Civil society members of Canadian govt. advisory body on responsible business conduct resign due to delay in granting Ombudsperson investigatory powers
"Government of Canada turns back on communities harmed by Canadian mining overseas, loses trust of Canadian civil society," 11 July 2019
Today all fourteen civil society and labour union representatives of the government’s Multi-Stakeholder Advisory Body on Responsible Business Conduct Abroad (Advisory Body) tendered their resignations. The unanimous decision to resign is due the erosion of civil society and labour unions’ trust and confidence in the government’s commitment to international corporate accountability.

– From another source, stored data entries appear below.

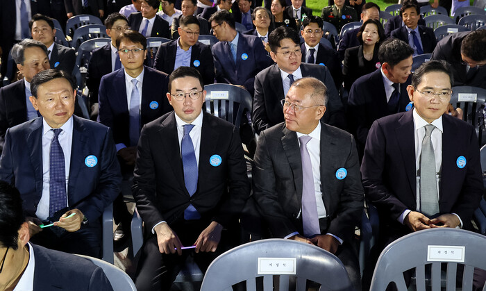 | ▲ 15일 서울 세종대로 광화문광장에서 열린 제21대 대통령 국민임명식 '광복 80년, 국민주권으로 미래를 세우다' 행사에 기업인들이 참석해 있다. 오른쪽부터 이재용 삼성전자 회장, 정의선 현대차그룹 회장, 구광모 LG그룹 회장, 신동빈 롯데그룹 회장. 2025.8.15 (사진=연합뉴스) |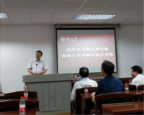 此次活动由学院学术委员会主任杨胜刚教授主持。杨胜刚教授首先祝贺sunbet集团官网今年成功设立了精算学本科专业,成为第二个开设该专业的双一流高校,随后对魏迎宁主席的到来表示热烈欢迎,并进行了隆重的介绍。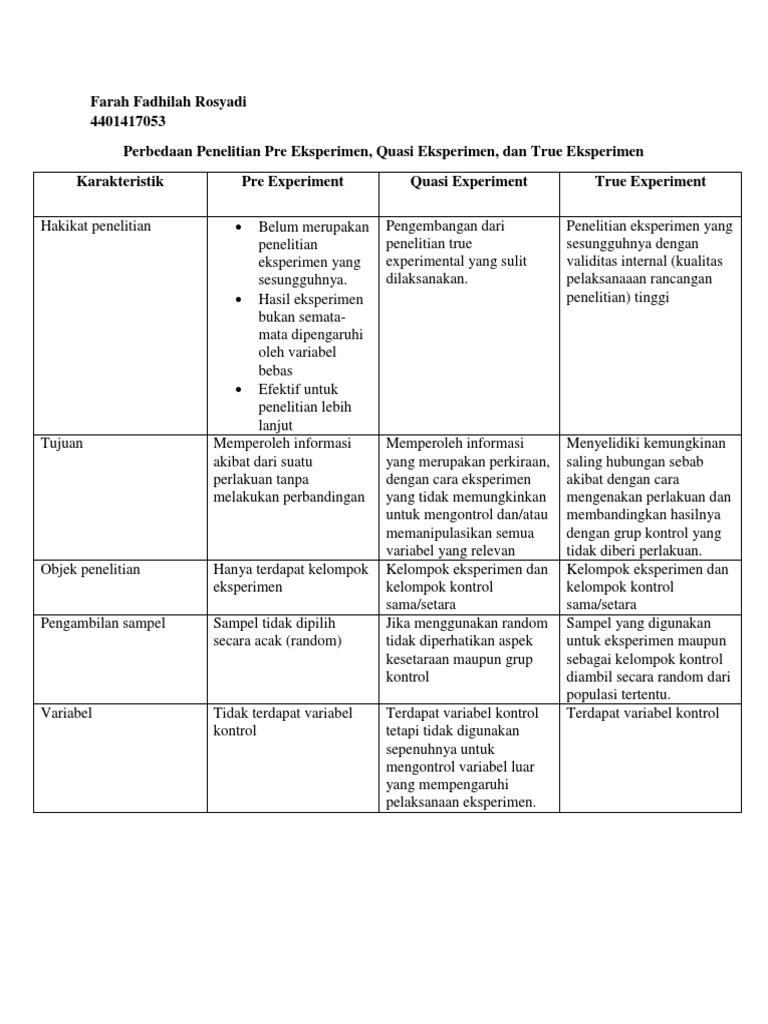 Perbedaan Penelitian Pre Eksperimen Quasi Eksperimen Dan True Eksperimen Pdf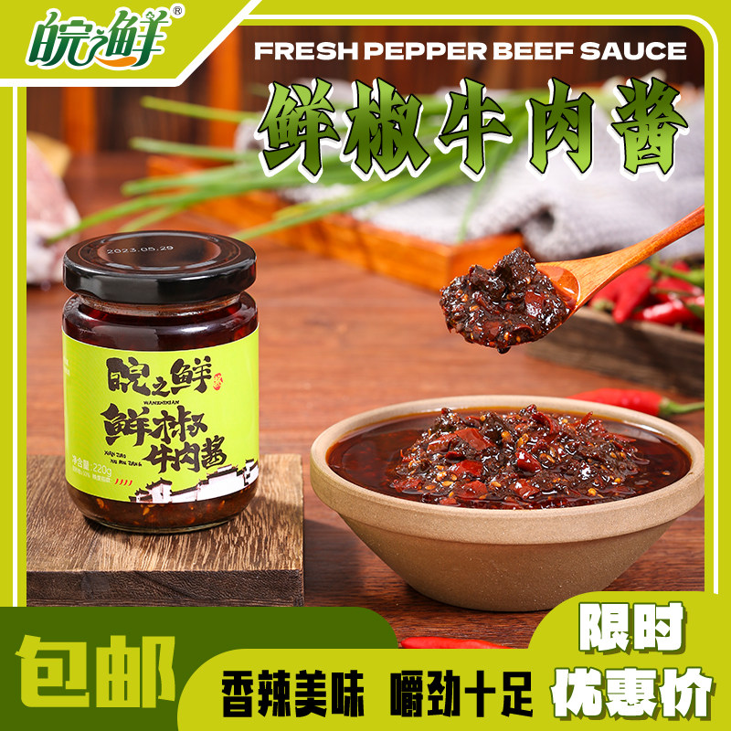牛肉酱鲜椒酱香辣拌饭拌面酱下饭香菇酱辣椒酱调味品辣酱蘸酱辣酱,皖之鲜品牌,卖家皖之鲜旗舰店,【首单+签到】超市一瓶卖15.8元,咱们三瓶任选仅个位数直接到手!辣中带香,香而不辣,鲜辣下饭,香辣有嚼劲,大块肉粒,新鲜笋尖和香菇,口感丰富,好吃看的见!拌饭、拌面,调凉菜绝绝子。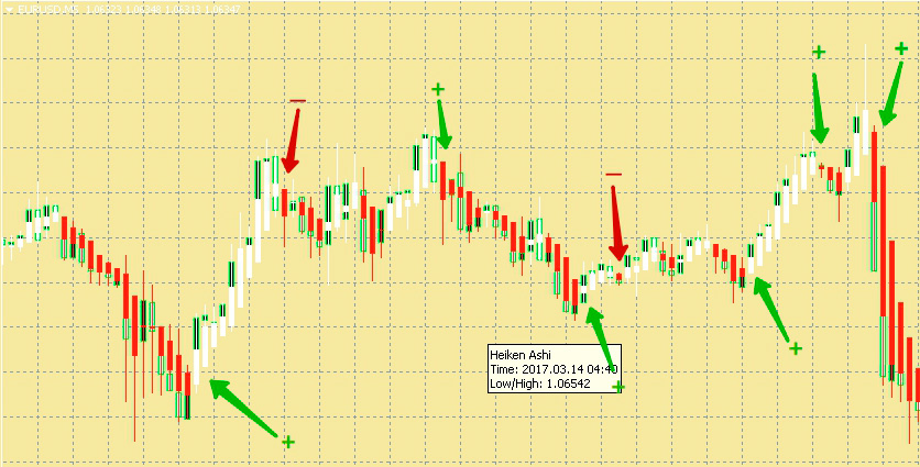При выборе интервала М15 и выше качество сигналов повышается, однако трейдер должен иметь определенные навыки, позволяющие распознать наличие тренда по форме свечей Heiken Ashi и размеру «хвостов».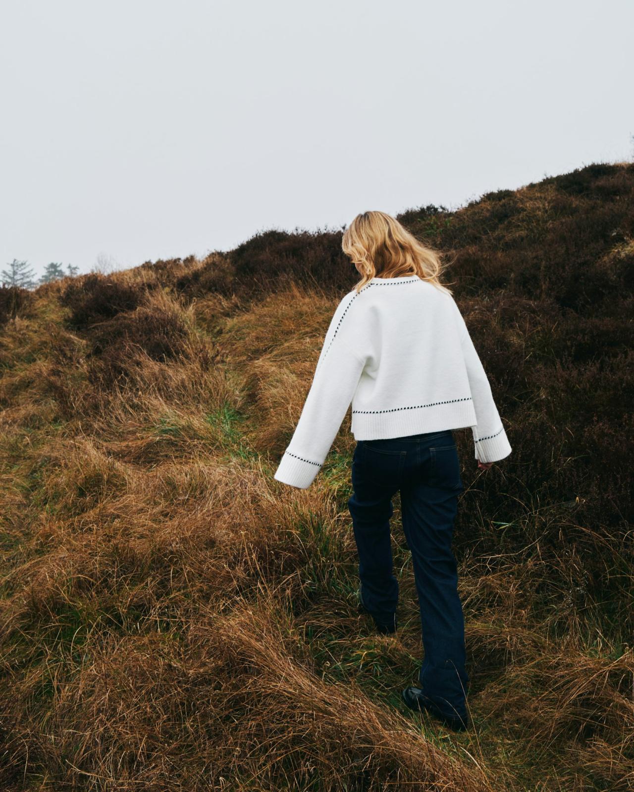 Roeme Knit Stitch Striktrøje, Off White, 38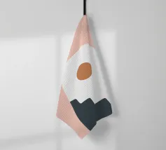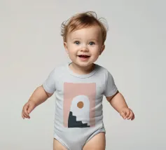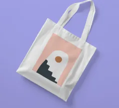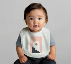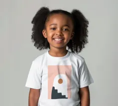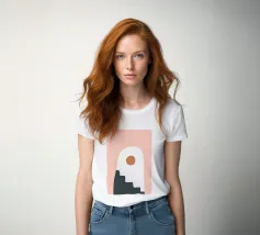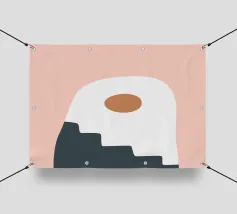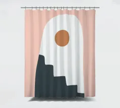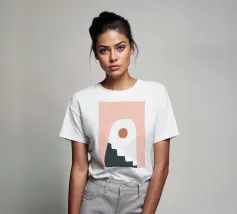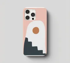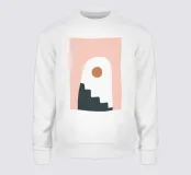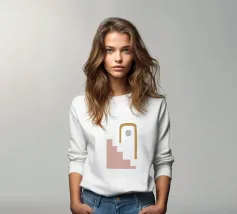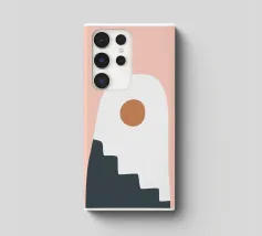 Una composizione astratta con forme geometriche, tra cui un motivo a scala nera che sale attraverso un arco bianco su uno sfondo rosa tenue. Un cerchio marrone pieno è posizionato vicino alla cima, aggiungendo un punto focale al design minimalista.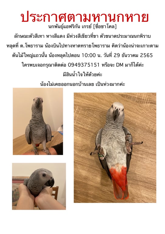 สี: ตัวเทา หางแดง

In January 2018, the government publicly announced the creation of a Canadian Ombudsperson for Responsible Enterprise (CORE) and committed to entrusting the office with the necessary tools to conduct credible independent investigations, including the power to compel documents and summon witnesses... The government’s decision to backtrack on its promise in April 2019, and instead appoint a special advisor to the Minister of International Trade Diversification without needed investigatory powers, has amounted to a betrayal of civil society and labour unions’ trust, erosion of our confidence and concerns that the government has not acted in good faith during consultations... Organizations have continued to wait for further developments over the past three months, since the April 8, 2019 announcement of an independent legal review on the CORE’s investigatory powers. Minister Carr indicated on that day that the review would be completed within 4 to 5 weeks... Three months later, the study has not been made public, the CORE remains without meaningful powers to serve impacted communities and workers... Civil society and labour members of the Advisory Body note that the only way that the government can restore trust is by replacing the CORE’s mandate by an order pursuant to the Inquiries Act, as a bridge towards legislation in the next government.